__TASK INSTRUCTIONS__: Output exactly, and only, the lines below from the one with "中国经济网北京2月12日讯(记者 陈梦宇) 今日,国家市场监督管理总局正式发布《汽车行业价格行为合规指南》(以下" down to the one with "Titelsida: Adolph Friedrich". Include both end lines and no pictures.

<<<<

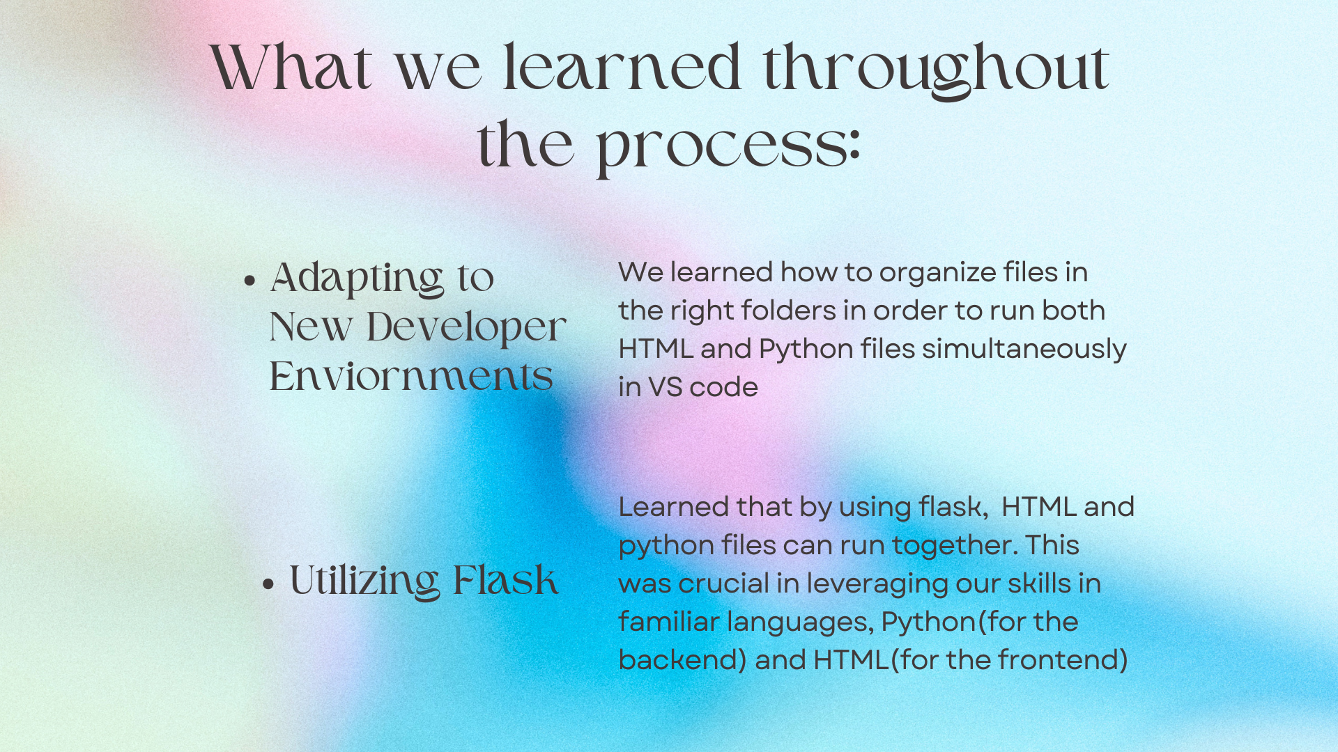 We learned how to organize files in the right folders in order to run both HTML and Python files simultaneously in VS code. We also learned that by using flask, HTML and python files can run together. This was crucial in leveraging our skills in familiar languages, Python(for the backend) and HTML(for the frontend)
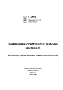 Tämän opinnäytetyön tarkoituksena oli kehittää maatalousalan ammattitutkinnon opetusta AhlmanEdussa, erityisesti tutkinnonosassa "Maatalousalan yrittäjänä toimiminen". Taustalla on ajankohtainen tarve uudistaa ammatillista koulutusta Suomessa, vastata opetukseen kohdistuviin resurssihaasteisiin sekä säilyttää koulutustarjonta maatalousalalla. Toimeksiantajana toimii Ahlmanin koulun Säätiö sr (AhlmanEdu), jolla on pitkä historia maatalouskoulutuksen tarjoajana.
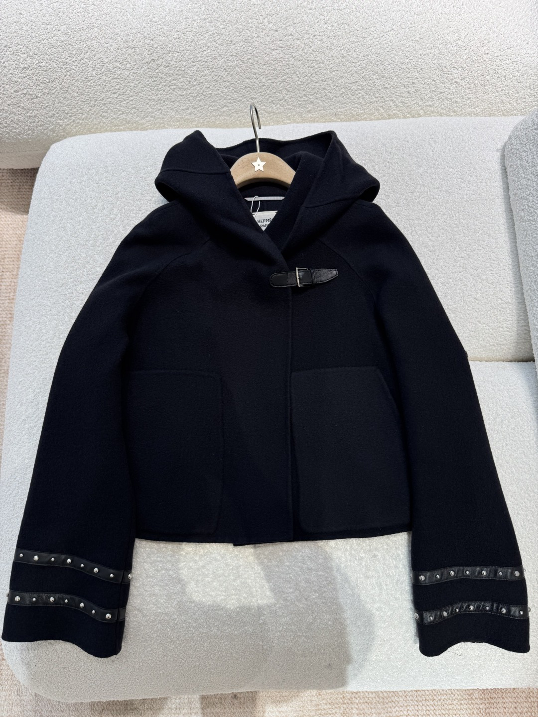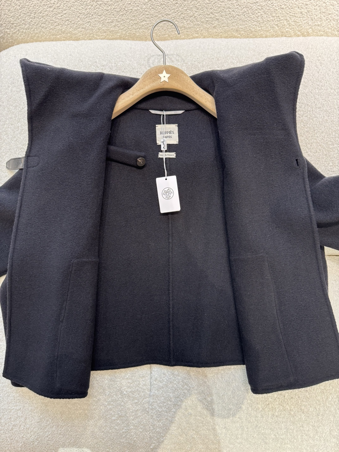 High-quality cashmere blend wool coat details
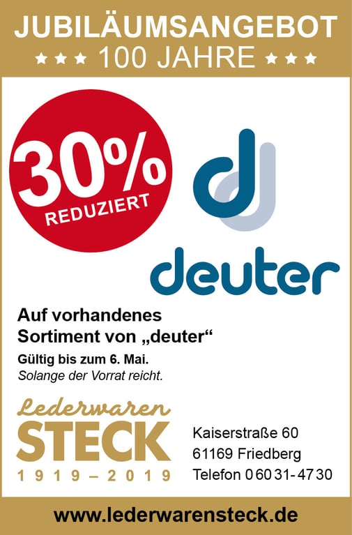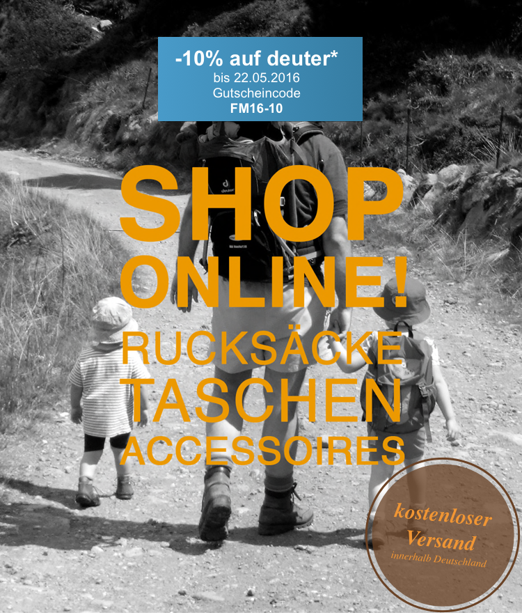 *Deuter Rucksack, Tasche und Accessoire -10% Rabatt bis 31.05.2017 in unserem Online-Shop bei einem Mindestbestellwert von 50,– Euro. Gutscheincode FM17-10 im Warenkorb angeben.
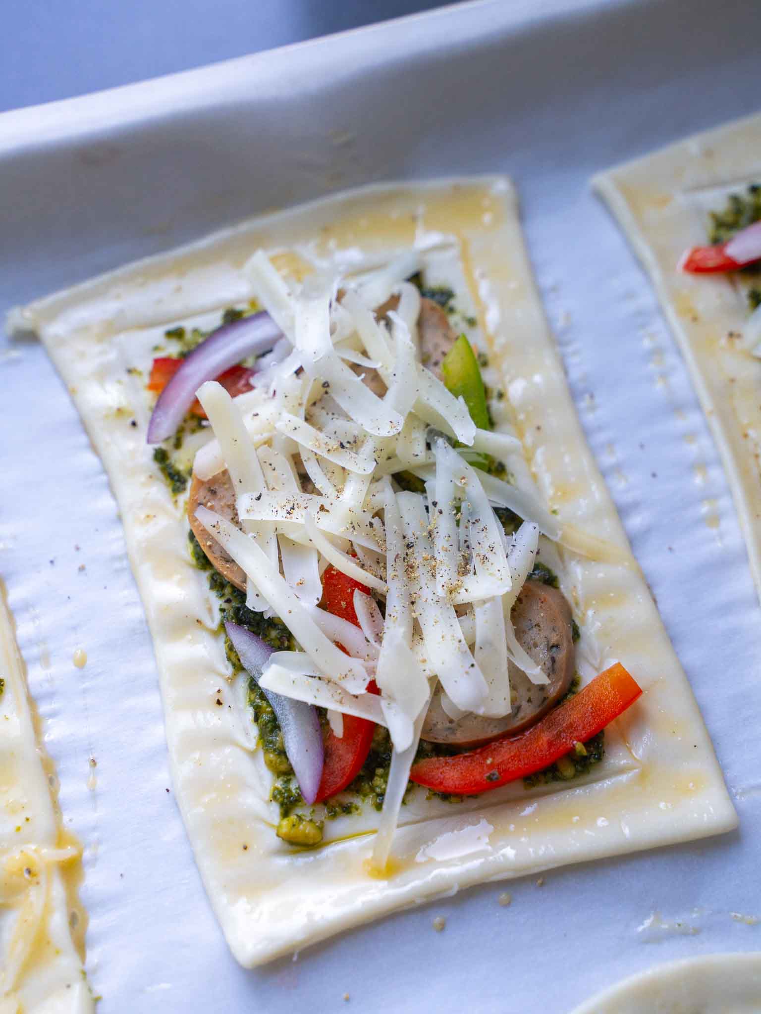 Spread pesto in the middle of each puff pastry. Then top with a few sausage slices, a few pepper slices, and a few onion slices. Top with 2 - 3 tbsp of shredded cheese. Sprinkle some pepper on top of each.
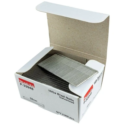 General description Makita F-33948 1mm x 32mm Galvanised 16 Gauge Brads are designed for use with AF600, AF601, and DBN600 nailers, providing a reliable fastening solution for various DIY and home improvement projects. Technical specifications Gauge: 16 Length: 32mm Shank: Smooth Quantity: 2000 pieces Compatibility and accessories Compatible with Makita AF600, AF601, and DBN600 nailers.
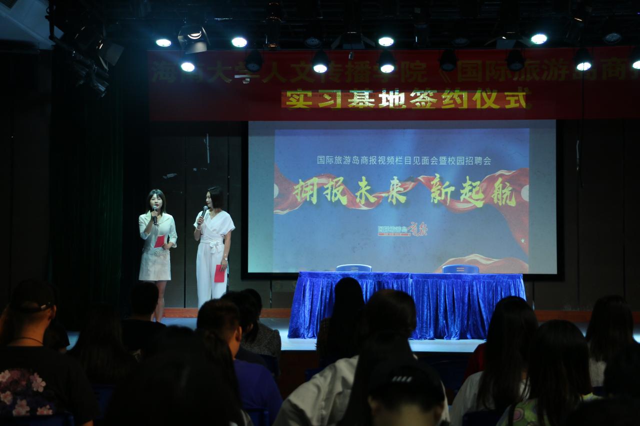 签约仪式由《国际旅游岛商报》主播符由嘉、出镜记者刘宁玥主持,导演兼制片人张泽瑜嘉、总编助理兼全媒体融合采编中心副总监常珊珊、采访中心主任段然、新媒体中心主任张慧莹、直播运营李晨阳、策划专员滕鹏飞与李美琴以及视频组成员刘顺德、戴铭、王世杰、李瑶、郭晃共同参加。主持人首先介绍了出席本次活动的嘉宾及《国际旅游岛商报》的基本情况,表达了与公司建立合作关系的愿望。
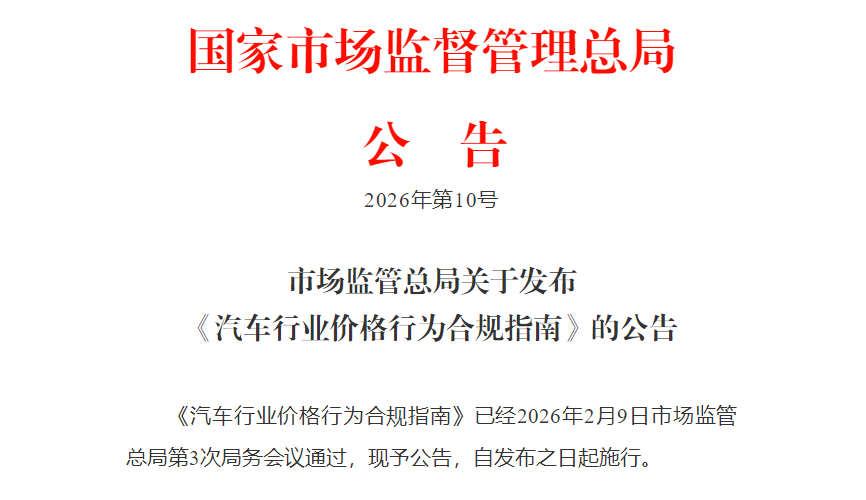 中国经济网北京2月12日讯(记者 陈梦宇) 今日,国家市场监督管理总局正式发布《汽车行业价格行为合规指南》(以下 简称《指南》),旨在进一步规范汽车行业价格行为,明晰市场竞争行为边界,整治行业"内卷式"无序竞争,推动汽车市 场形成优质优价、公平有序的发展环境。 《指南》明确,汽车生产企业除依法降价处理积压商品外,不得以排挤竞争对手为目的,将产品以低于成本的价格进行销 售;严禁通过价格串通、哄抬价格、变相降价等方式扰乱市场秩序。 针对销售环节,《指南》重点规制欺骗性、误导性标价行为,要求销售企业以显著方式明码标价,不得使用虚假或引人误 解的语言、文字、数字、图片、视频等诱骗消费者交易。 同时,《指南》还对促销活动、配件定价、售后服务收费等关键场景提出了具体合规要求。 市场监管总局表示,汽车产业是国民经济的重要支柱,产业链长、覆盖面广,与消费者生活密切相关。当前,汽车行业存 在不按规定明码标价、价格欺诈等违法行为,损害消费者和经营者利益,破坏公平竞争市场秩序,不利于行业高质量发 展。《指南》立足当前汽车行业发展实际,进一步明晰行为边界,统一监管规则,引导汽车生产和销售企业依法合规经 营,推动形成优质优价、良性竞争 ...
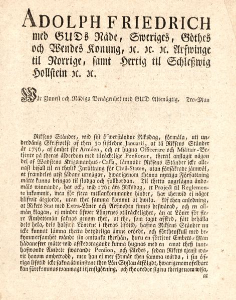 Titelsida: Adolph Friedrich med Guds Nåde, Sweriges, Göthes och Wendes Konung ... tå Riksens ständer år 1756, af ömhet för arméen, och at hugna officerare och militaire-betjente på theras ålderdom med tilräckelige pensioner, thertil anslagit någon del af Wadstena krigsmanshus-cassa, lämnade Riksens ständer icke allenast bifall til en thylik inrättning för Civil-Staten ...
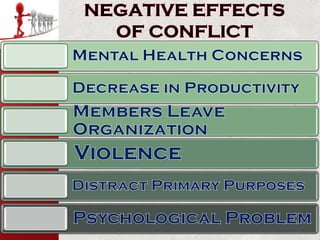 This document discusses types of conflict that can occur within organizations. It identifies intrapersonal conflict, interpersonal conflict, and intergroup conflict. Intrapersonal conflict occurs when a leader assigns conflicting missions to members. Interpersonal conflict is a serious problem that affects people emotionally. Intergroup conflict arises from differences between groups. The document also lists some common causes of organizational conflict, including organizational change, differing values and threats to status. While conflict can have negative impacts like resistance to change, it can also spur creativity when resolved constructively.
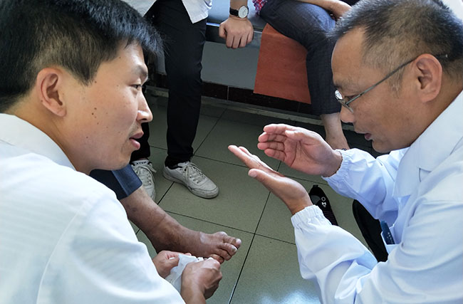 7月21日至23日,應(yīng)文水縣人民醫(yī)院的邀請(qǐng),中國(guó)中西醫(yī)結(jié)合學(xué)會(huì)燒傷專業(yè)委員會(huì)專家趙瑞慶,來到劉胡蘭的家鄉(xiāng),深入外科、腎內(nèi)科會(huì)診多例嚴(yán)重糖尿病足及慢性潰瘍創(chuàng)面病人,通過在手術(shù)室對(duì)醫(yī)生的言傳身教,使大家對(duì)相關(guān)病例的處理水平有了進(jìn)一步提高,手術(shù)后開展了多科室人員的再生醫(yī)療技術(shù)培訓(xùn),受到院領(lǐng)導(dǎo)及腎內(nèi)科、外科、骨科主任的充分肯定,此次活動(dòng)推動(dòng)了再生醫(yī)療技術(shù)在文水縣醫(yī)療集團(tuán)的廣泛應(yīng)用。
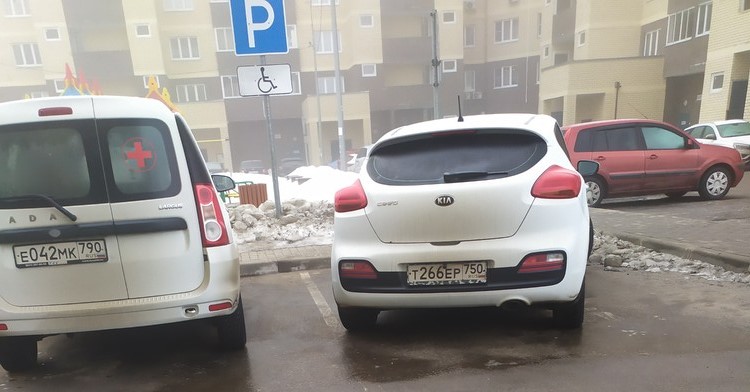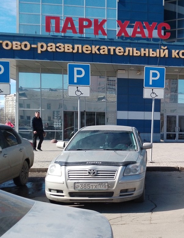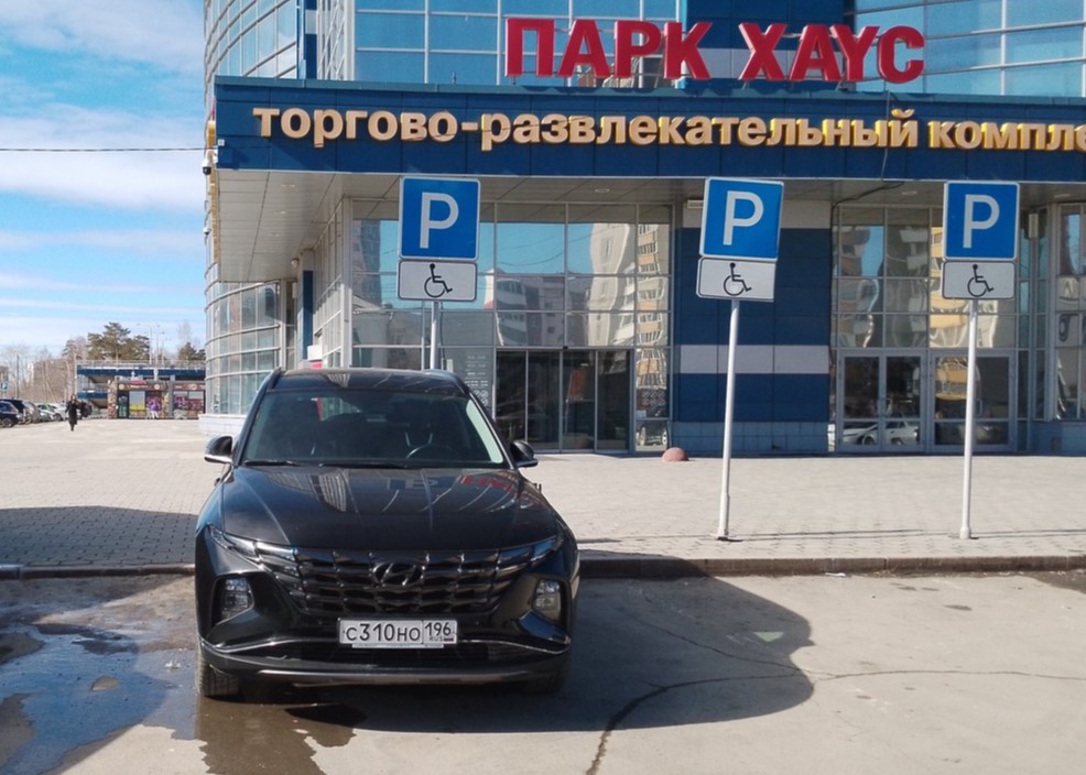20.03.2024, время 13.04. Екатеринбург, Сулимова 50, ТЦ парк Хаус, стоянка на местах для инвалидов.
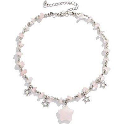 Y2K Crystal Star Choker | Healing Stone Pendant Silver Chain Necklace
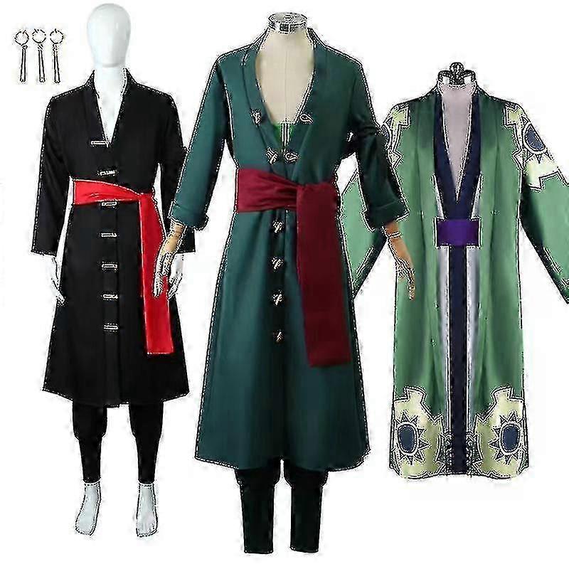 Anime One Piece Roronoa Zoro Cosplay Costumes Kimono Halloween Costumes For Men Role Play Clothing Party Uniform Suit Wig Coat-r
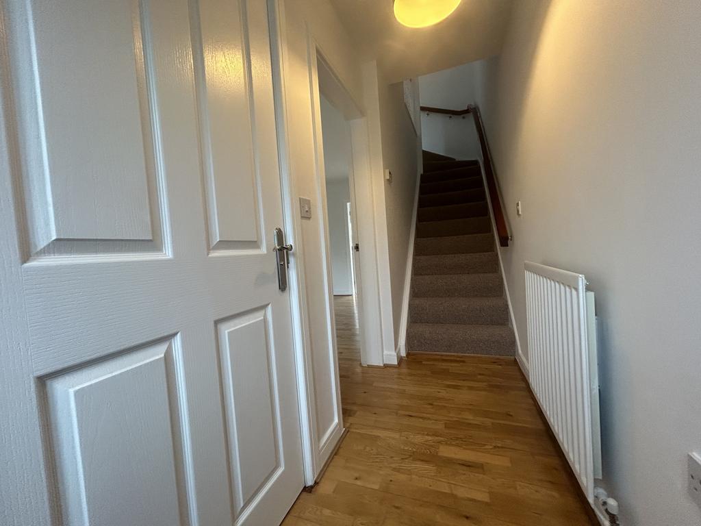 Entrance door and wooden flooring. Ceiling light point and a radiator. Stairs to the first floor.
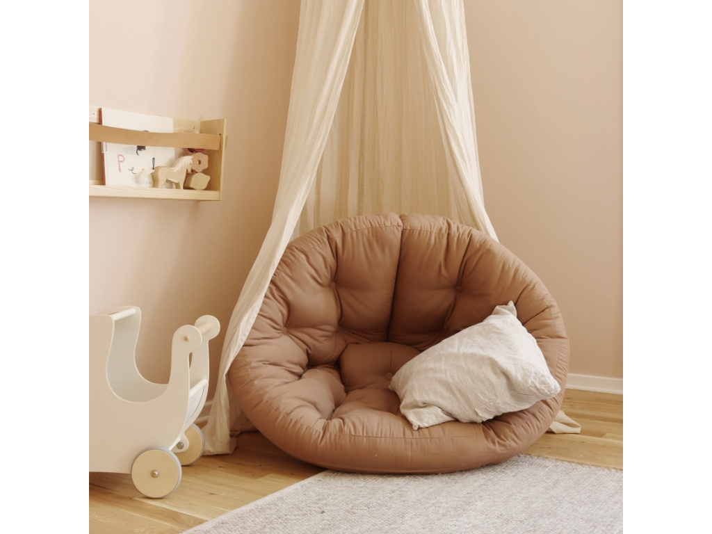 Křeslo Nido nabízí útulné zákoutí, kde si můžete užívat zasloužený odpočinek po náročném dni. Po rozepnutí čtyř popruhů na suchý zip, které se nacházejí na zadní straně, se z křesla stane půlměsícové lůžko, které vám poslouží jako místo na hraní, zdřímnutí nebo meditaci. Pokud vlastníte křesla dvě, můžete tyto lůžka pomocí pásků spojit a vytvořit z nich tak příjemnou kulatou postel pro hosty. Futonové křeslo se pyšní kvalitním 80% bavlněným čalouněním, které je plněné pěnou z recyklovaných vláken. Nido se skvěle hodí do skandinávsky laděných domovů a fantasticky zapadne do obývacích pokojů, ložnic či dětských pokojů. Vybrat si můžete z široké škály barev, které si pro vás připravili designéři A. Backe, A. S. Voss, I. S. Lange, L. Wigh, T. R. Pedersen. Křeslo dozdobte například jemným baldachýnem –  fantasticky ho doplní.

>>>>

__WRITTEN REPLY__:
 中国经济网北京2月12日讯(记者 陈梦宇) 今日,国家市场监督管理总局正式发布《汽车行业价格行为合规指南》(以下 简称《指南》),旨在进一步规范汽车行业价格行为,明晰市场竞争行为边界,整治行业"内卷式"无序竞争,推动汽车市 场形成优质优价、公平有序的发展环境。 《指南》明确,汽车生产企业除依法降价处理积压商品外,不得以排挤竞争对手为目的,将产品以低于成本的价格进行销 售;严禁通过价格串通、哄抬价格、变相降价等方式扰乱市场秩序。 针对销售环节,《指南》重点规制欺骗性、误导性标价行为,要求销售企业以显著方式明码标价,不得使用虚假或引人误 解的语言、文字、数字、图片、视频等诱骗消费者交易。 同时,《指南》还对促销活动、配件定价、售后服务收费等关键场景提出了具体合规要求。 市场监管总局表示,汽车产业是国民经济的重要支柱,产业链长、覆盖面广,与消费者生活密切相关。当前,汽车行业存 在不按规定明码标价、价格欺诈等违法行为,损害消费者和经营者利益,破坏公平竞争市场秩序,不利于行业高质量发 展。《指南》立足当前汽车行业发展实际,进一步明晰行为边界,统一监管规则,引导汽车生产和销售企业依法合规经 营,推动形成优质优价、良性竞争 ...
 Titelsida: Adolph Friedrich med Guds Nåde, Sweriges, Göthes och Wendes Konung ... tå Riksens ständer år 1756, af ömhet för arméen, och at hugna officerare och militaire-betjente på theras ålderdom med tilräckelige pensioner, thertil anslagit någon del af Wadstena krigsmanshus-cassa, lämnade Riksens ständer icke allenast bifall til en thylik inrättning för Civil-Staten ...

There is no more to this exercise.